» **Task requirements**:
In the entries that follow, repeat exactly the lines from the one that has "2020학년도 한양대(에리카) 편입 기출문제를 살펴보겠습니다." through the one that has "The expression level", but omit pictures.

» **Extracted material**:
***

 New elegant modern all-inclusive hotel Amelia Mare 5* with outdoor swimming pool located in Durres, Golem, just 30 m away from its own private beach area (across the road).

***

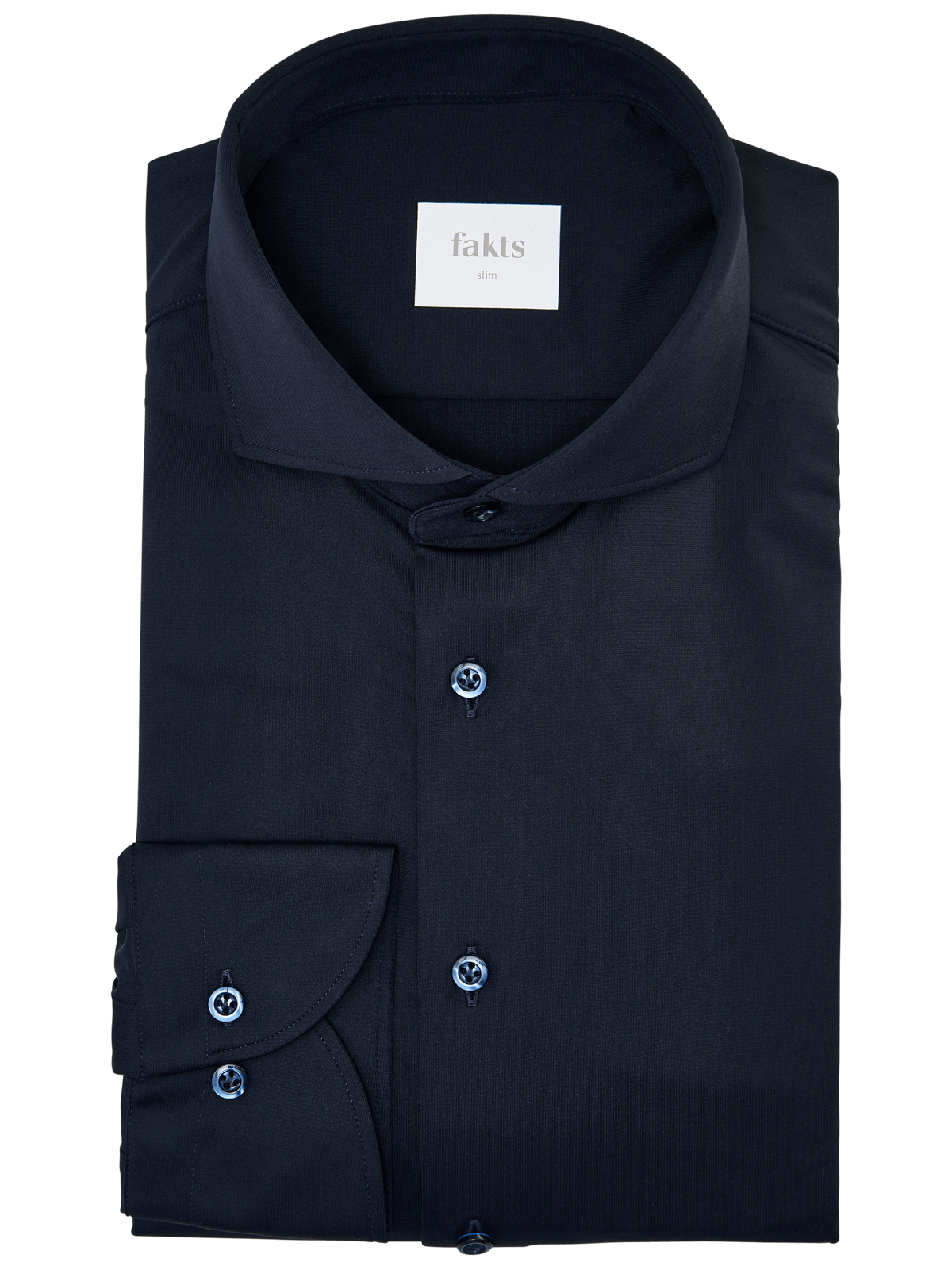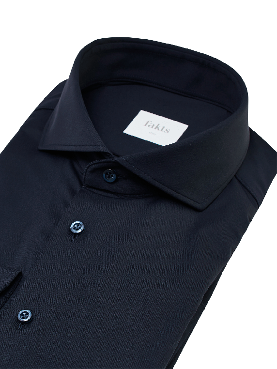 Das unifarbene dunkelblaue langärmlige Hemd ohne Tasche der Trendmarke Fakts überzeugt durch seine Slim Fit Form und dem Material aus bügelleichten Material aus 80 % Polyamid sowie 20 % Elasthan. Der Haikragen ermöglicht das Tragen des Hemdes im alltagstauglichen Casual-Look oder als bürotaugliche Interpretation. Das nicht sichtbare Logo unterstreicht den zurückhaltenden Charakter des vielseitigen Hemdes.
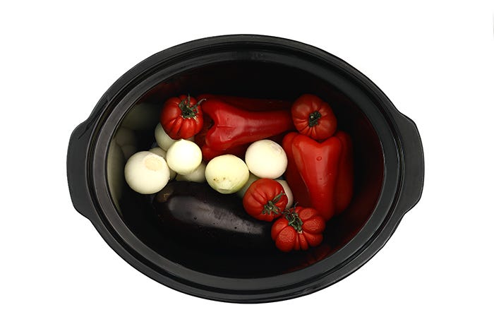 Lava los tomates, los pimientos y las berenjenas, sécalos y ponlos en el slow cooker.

***

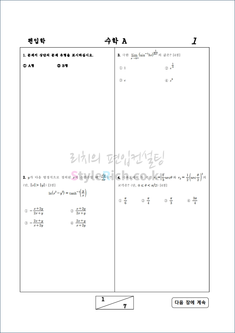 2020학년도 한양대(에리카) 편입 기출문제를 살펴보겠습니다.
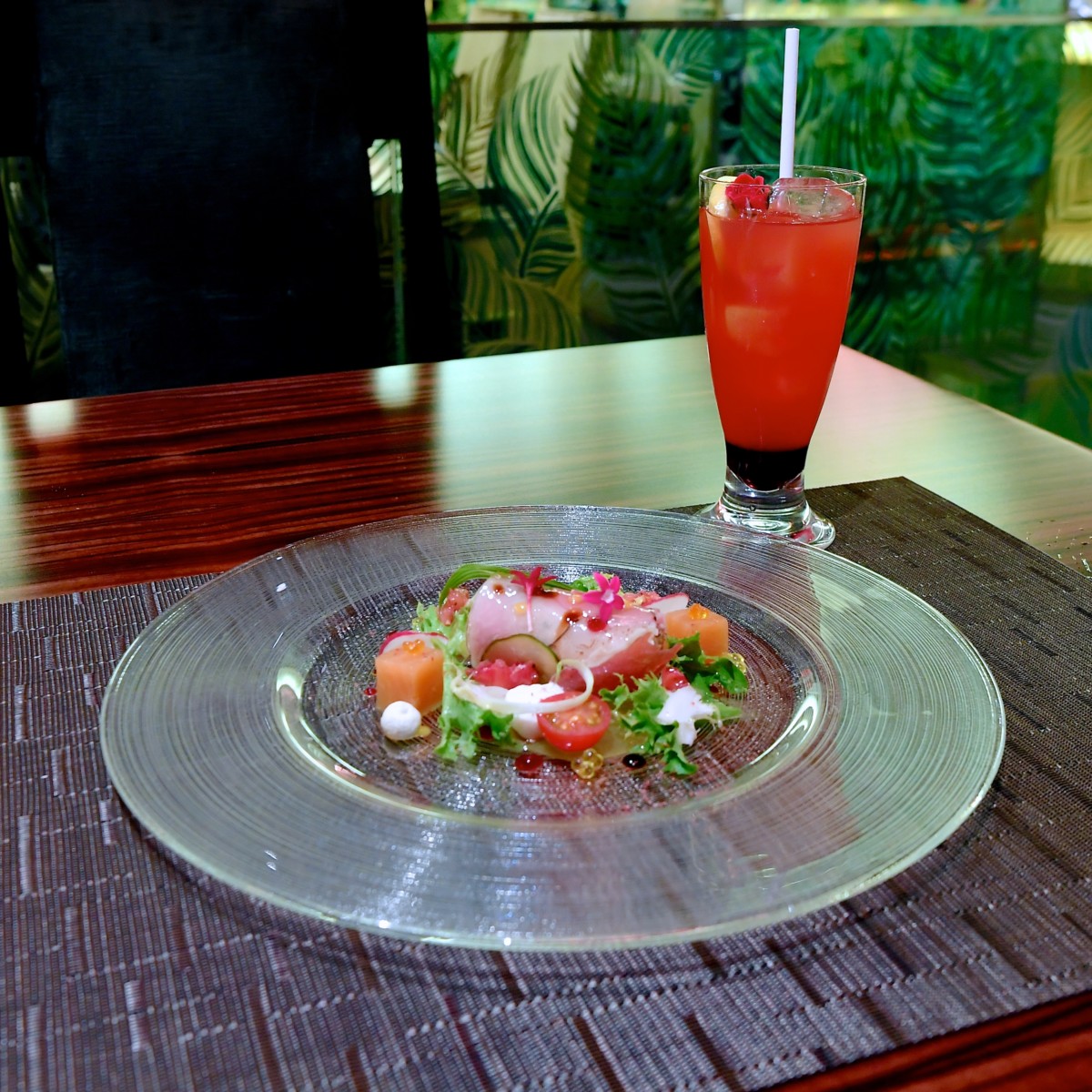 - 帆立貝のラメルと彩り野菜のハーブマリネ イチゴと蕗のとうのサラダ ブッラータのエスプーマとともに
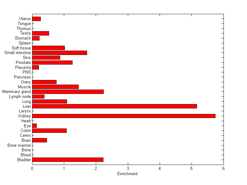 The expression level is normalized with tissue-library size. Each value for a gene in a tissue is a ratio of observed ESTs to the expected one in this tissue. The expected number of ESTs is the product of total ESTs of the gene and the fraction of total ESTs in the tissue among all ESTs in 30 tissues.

***

» **Solution to this exercise**:
 2020학년도 한양대(에리카) 편입 기출문제를 살펴보겠습니다.
 - 帆立貝のラメルと彩り野菜のハーブマリネ イチゴと蕗のとうのサラダ ブッラータのエスプーマとともに
 The expression level is normalized with tissue-library size. Each value for a gene in a tissue is a ratio of observed ESTs to the expected one in this tissue. The expected number of ESTs is the product of total ESTs of the gene and the fraction of total ESTs in the tissue among all ESTs in 30 tissues.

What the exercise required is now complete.